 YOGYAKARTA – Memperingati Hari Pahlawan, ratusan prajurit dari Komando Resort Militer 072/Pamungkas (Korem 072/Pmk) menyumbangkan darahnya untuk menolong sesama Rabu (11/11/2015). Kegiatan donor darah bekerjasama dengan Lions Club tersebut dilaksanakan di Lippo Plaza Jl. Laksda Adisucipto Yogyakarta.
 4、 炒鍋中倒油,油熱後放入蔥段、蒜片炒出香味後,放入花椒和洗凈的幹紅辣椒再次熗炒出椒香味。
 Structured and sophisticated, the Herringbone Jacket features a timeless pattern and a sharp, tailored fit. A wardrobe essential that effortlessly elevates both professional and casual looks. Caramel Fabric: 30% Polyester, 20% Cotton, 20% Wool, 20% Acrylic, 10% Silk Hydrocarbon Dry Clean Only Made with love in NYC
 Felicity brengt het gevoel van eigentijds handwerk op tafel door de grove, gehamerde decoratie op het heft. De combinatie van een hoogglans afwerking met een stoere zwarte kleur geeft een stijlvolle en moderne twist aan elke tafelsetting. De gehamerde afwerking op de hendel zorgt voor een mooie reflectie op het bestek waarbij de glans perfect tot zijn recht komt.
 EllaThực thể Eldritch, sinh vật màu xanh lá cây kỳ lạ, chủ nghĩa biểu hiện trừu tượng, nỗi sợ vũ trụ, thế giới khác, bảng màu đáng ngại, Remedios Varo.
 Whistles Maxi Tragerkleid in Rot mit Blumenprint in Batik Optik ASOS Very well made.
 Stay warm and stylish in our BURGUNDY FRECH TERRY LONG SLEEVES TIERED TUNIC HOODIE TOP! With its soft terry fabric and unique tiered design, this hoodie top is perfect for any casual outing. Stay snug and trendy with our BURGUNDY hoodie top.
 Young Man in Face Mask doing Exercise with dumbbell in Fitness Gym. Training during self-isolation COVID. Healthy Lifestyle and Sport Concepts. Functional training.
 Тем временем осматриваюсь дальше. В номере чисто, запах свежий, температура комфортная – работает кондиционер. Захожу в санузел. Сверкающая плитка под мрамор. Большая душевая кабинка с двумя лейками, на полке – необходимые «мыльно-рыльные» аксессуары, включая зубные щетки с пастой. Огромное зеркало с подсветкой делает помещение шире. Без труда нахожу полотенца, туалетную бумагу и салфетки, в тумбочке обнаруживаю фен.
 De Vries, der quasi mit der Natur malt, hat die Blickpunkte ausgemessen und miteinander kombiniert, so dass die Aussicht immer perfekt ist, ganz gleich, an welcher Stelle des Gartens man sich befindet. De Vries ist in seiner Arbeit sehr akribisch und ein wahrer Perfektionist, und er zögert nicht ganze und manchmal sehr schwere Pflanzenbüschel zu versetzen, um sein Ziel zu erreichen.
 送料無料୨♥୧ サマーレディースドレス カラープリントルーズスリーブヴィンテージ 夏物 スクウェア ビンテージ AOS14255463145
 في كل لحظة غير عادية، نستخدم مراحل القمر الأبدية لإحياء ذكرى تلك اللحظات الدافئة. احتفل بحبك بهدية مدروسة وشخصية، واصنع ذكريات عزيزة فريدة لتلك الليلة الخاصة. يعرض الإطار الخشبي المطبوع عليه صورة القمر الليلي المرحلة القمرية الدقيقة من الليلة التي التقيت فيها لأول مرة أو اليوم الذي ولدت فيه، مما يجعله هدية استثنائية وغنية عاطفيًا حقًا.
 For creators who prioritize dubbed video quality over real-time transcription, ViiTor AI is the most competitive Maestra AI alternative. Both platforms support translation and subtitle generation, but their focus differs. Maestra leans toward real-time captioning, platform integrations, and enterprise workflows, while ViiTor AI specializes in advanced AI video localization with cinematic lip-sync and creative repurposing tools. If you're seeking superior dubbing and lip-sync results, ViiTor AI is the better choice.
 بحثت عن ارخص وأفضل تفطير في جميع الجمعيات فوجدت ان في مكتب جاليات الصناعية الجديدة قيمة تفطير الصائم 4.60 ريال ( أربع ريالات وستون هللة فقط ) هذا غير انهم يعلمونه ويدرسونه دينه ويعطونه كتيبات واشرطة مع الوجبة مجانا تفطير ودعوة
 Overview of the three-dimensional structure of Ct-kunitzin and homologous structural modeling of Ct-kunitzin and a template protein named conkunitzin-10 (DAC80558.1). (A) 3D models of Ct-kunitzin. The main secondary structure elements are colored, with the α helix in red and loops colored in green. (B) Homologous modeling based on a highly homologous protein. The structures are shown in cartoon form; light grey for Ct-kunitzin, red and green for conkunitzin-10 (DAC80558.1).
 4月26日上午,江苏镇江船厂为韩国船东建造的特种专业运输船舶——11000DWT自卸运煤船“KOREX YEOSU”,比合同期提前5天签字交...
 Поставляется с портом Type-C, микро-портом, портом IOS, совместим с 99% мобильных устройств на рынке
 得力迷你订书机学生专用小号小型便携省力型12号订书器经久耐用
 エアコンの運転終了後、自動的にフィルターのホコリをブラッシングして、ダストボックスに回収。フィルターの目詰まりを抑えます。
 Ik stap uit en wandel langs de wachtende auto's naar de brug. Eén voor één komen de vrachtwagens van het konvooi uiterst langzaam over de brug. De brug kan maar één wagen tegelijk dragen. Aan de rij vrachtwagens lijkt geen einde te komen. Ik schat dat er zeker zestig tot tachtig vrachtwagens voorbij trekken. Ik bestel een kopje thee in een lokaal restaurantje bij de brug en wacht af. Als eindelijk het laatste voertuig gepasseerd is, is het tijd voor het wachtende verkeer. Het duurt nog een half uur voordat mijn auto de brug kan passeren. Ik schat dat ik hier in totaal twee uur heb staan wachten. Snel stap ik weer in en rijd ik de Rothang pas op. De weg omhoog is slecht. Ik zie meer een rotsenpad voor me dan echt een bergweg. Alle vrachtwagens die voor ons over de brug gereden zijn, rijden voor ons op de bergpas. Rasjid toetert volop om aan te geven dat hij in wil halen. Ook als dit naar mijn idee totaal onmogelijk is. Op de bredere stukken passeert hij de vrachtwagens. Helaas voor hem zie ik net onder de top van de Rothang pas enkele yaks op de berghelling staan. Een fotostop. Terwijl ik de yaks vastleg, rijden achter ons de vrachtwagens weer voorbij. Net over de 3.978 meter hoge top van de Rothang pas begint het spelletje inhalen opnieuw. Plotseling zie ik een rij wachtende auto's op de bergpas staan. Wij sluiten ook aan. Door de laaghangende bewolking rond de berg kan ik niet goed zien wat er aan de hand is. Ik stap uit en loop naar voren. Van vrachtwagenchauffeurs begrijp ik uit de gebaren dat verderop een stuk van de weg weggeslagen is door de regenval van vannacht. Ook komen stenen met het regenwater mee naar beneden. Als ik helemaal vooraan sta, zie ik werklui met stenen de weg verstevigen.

┄┄┄┄┄┄┄┄┄┄

> [Problem to solve] Give back, unchanged, the run of lines in the listing above that begins at the line containing "Тем временем осматриваюсь" and ends at the line containing "في كل لحظة غير", both included.

> [Exercise solution]
 Тем временем осматриваюсь дальше. В номере чисто, запах свежий, температура комфортная – работает кондиционер. Захожу в санузел. Сверкающая плитка под мрамор. Большая душевая кабинка с двумя лейками, на полке – необходимые «мыльно-рыльные» аксессуары, включая зубные щетки с пастой. Огромное зеркало с подсветкой делает помещение шире. Без труда нахожу полотенца, туалетную бумагу и салфетки, в тумбочке обнаруживаю фен.
 De Vries, der quasi mit der Natur malt, hat die Blickpunkte ausgemessen und miteinander kombiniert, so dass die Aussicht immer perfekt ist, ganz gleich, an welcher Stelle des Gartens man sich befindet. De Vries ist in seiner Arbeit sehr akribisch und ein wahrer Perfektionist, und er zögert nicht ganze und manchmal sehr schwere Pflanzenbüschel zu versetzen, um sein Ziel zu erreichen.
 送料無料୨♥୧ サマーレディースドレス カラープリントルーズスリーブヴィンテージ 夏物 スクウェア ビンテージ AOS14255463145
 في كل لحظة غير عادية، نستخدم مراحل القمر الأبدية لإحياء ذكرى تلك اللحظات الدافئة. احتفل بحبك بهدية مدروسة وشخصية، واصنع ذكريات عزيزة فريدة لتلك الليلة الخاصة. يعرض الإطار الخشبي المطبوع عليه صورة القمر الليلي المرحلة القمرية الدقيقة من الليلة التي التقيت فيها لأول مرة أو اليوم الذي ولدت فيه، مما يجعله هدية استثنائية وغنية عاطفيًا حقًا.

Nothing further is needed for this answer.